Required action: Skip the pictures. Transcribe exactly the lines from the line containing "His Loves Endures" to the end of the listing.

Material for the task:
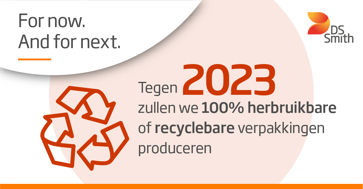 - De cirkel sluiten door slim design– Tegen 2023 produceert DS Smith 100% herbruikbare of recyclebare verpakkingen en is het doel dat tegen 2030 al zijn verpakkingen gerecycleerd of hergebruikt worden.
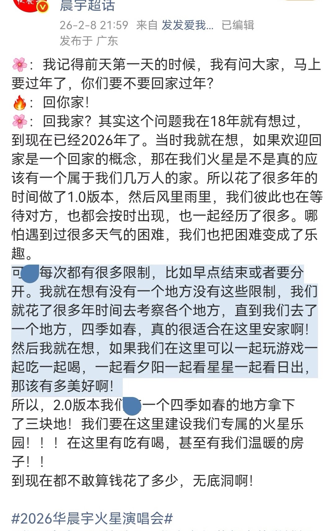 我嘞个豆?!华晨宇在巡演深圳收官站宣布重磅消息,乐园形式的演唱会升级2.0后,不再是租地而是拿下三块地!“以前乐园是找一个地方租一块地,从零开始做基建搭舞台,那2.0是在一个四季如春的地方,拿下了三块地!那里有我们的乌托邦,还有演唱会,有吃有喝有玩,还有温暖的房子”。乐园2.0我必去看!娱乐圈说宠粉的华晨宇说第二没人敢称第一
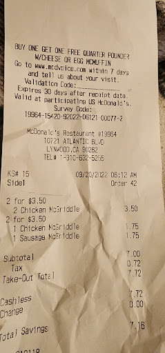Read moreThis is the worst Mc Donald's I've been to. The past 3 times I have had issues with the food and the employees. They can't pack a bag of food properly without smashing your burgers, they can't even make a simple cheeseburger that lines up straight because my bun and cheese are usually half way on the burger with the other half exposed, I've called to speak to the manager and she didn't care about any of my issues, and when I've called the 800 customer service number I've been told the Franchise owner would call me and they haven't. I forgot to mention, there was an issue with the app and it said I needed to go into the store. There were so many customers standing around with NOBODY at the front counter. I finally loudly ask the people in the back if there was anybody that could help us and nobody turned around but somebody said somebody would be there soon. Nobody ever came to the front counter and the customers looked upset. It's obvious the owner doesn't care and it trickles down to their emloyees. I highly recommend you keep driving to the next Mc Donald's. DON'T EAT AT...
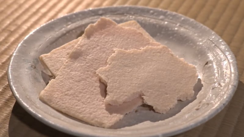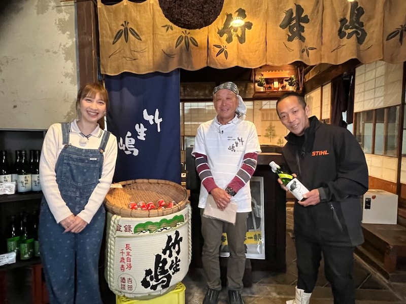 はいださんが「すごくクリーミー!」と堪能した赤カブと酒粕のスープ。この一皿に使われた酒粕は、地元の酒蔵で作られている。吉田酒造を訪れたはいださんは「もとだて」という、蒸した米を発酵してお酒のもとを造る作業を見学する。
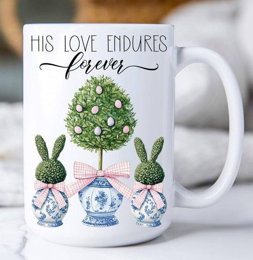 His Loves Endures Forever Topiary Easter Coffee Mug
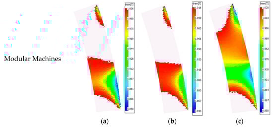 Remanence distribution of the PM obtained using the coupled EM-thermal model of Motor-CAD for (a) condition 1, Tm′ = 160 °C; (b) condition 2, Tm′ = 153 °C; (c) condition 3, Tm′ = 150 °C; (d) condition 1, Tm′ = 158 °C; (e) condition 2, Tm′ = 148 °C; and (f) condition 3, Tm′ = 140 °C.
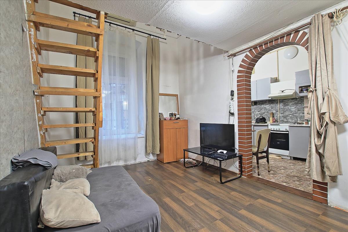 Eladó egy 24 m2-es, földszinti, udvarra néző, galériás átlagos állapotú lakás a Kálvária téren.
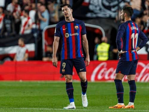 ラージョ・バジェカーノに得点され、浮かない表情のロベルト・レヴァンドフスキ(バルセロナ)
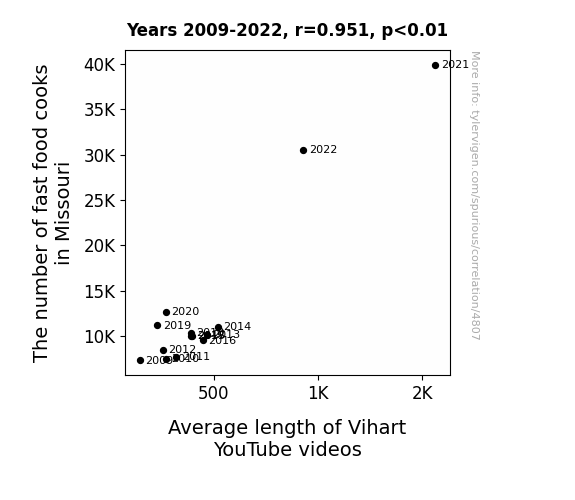 User prompt: Please provide potential search keywords for a paper titled The Tantalizing Ties between the Tally of Takeout Technicians in Missouri and the Length of Vihart Vlogging Videos with an abstract of This paper investigates the intriguing relationship between the number of fast food cooks in Missouri and the average duration of Vihart YouTube videos. Using data gathered from the Bureau of Labor Statistics and YouTube, we analyze the correlation between these seemingly incongruous variables. Our findings reveal a striking correlation coefficient of 0.9514034 with a statistically significant p-value of less than 0.01 for the period from 2009 to 2022. Our research sheds light on a whimsical linkage that transcends the culinary and digital realms. The implications of these results spark further contemplation of the underlying factors influencing both the fast food industry and online video production. This study opens the door to a multitude of puns and humorous observations, demonstrating the unexpectedly serendipitous interplay between the world of fast food and the captivating allure of Vihart's mathematical musings.

Exercise response:
 His Loves Endures Forever Topiary Easter Coffee Mug
 Remanence distribution of the PM obtained using the coupled EM-thermal model of Motor-CAD for (a) condition 1, Tm′ = 160 °C; (b) condition 2, Tm′ = 153 °C; (c) condition 3, Tm′ = 150 °C; (d) condition 1, Tm′ = 158 °C; (e) condition 2, Tm′ = 148 °C; and (f) condition 3, Tm′ = 140 °C.
 Eladó egy 24 m2-es, földszinti, udvarra néző, galériás átlagos állapotú lakás a Kálvária téren.
 ラージョ・バジェカーノに得点され、浮かない表情のロベルト・レヴァンドフスキ(バルセロナ)
 User prompt: Please provide potential search keywords for a paper titled The Tantalizing Ties between the Tally of Takeout Technicians in Missouri and the Length of Vihart Vlogging Videos with an abstract of This paper investigates the intriguing relationship between the number of fast food cooks in Missouri and the average duration of Vihart YouTube videos. Using data gathered from the Bureau of Labor Statistics and YouTube, we analyze the correlation between these seemingly incongruous variables. Our findings reveal a striking correlation coefficient of 0.9514034 with a statistically significant p-value of less than 0.01 for the period from 2009 to 2022. Our research sheds light on a whimsical linkage that transcends the culinary and digital realms. The implications of these results spark further contemplation of the underlying factors influencing both the fast food industry and online video production. This study opens the door to a multitude of puns and humorous observations, demonstrating the unexpectedly serendipitous interplay between the world of fast food and the captivating allure of Vihart's mathematical musings.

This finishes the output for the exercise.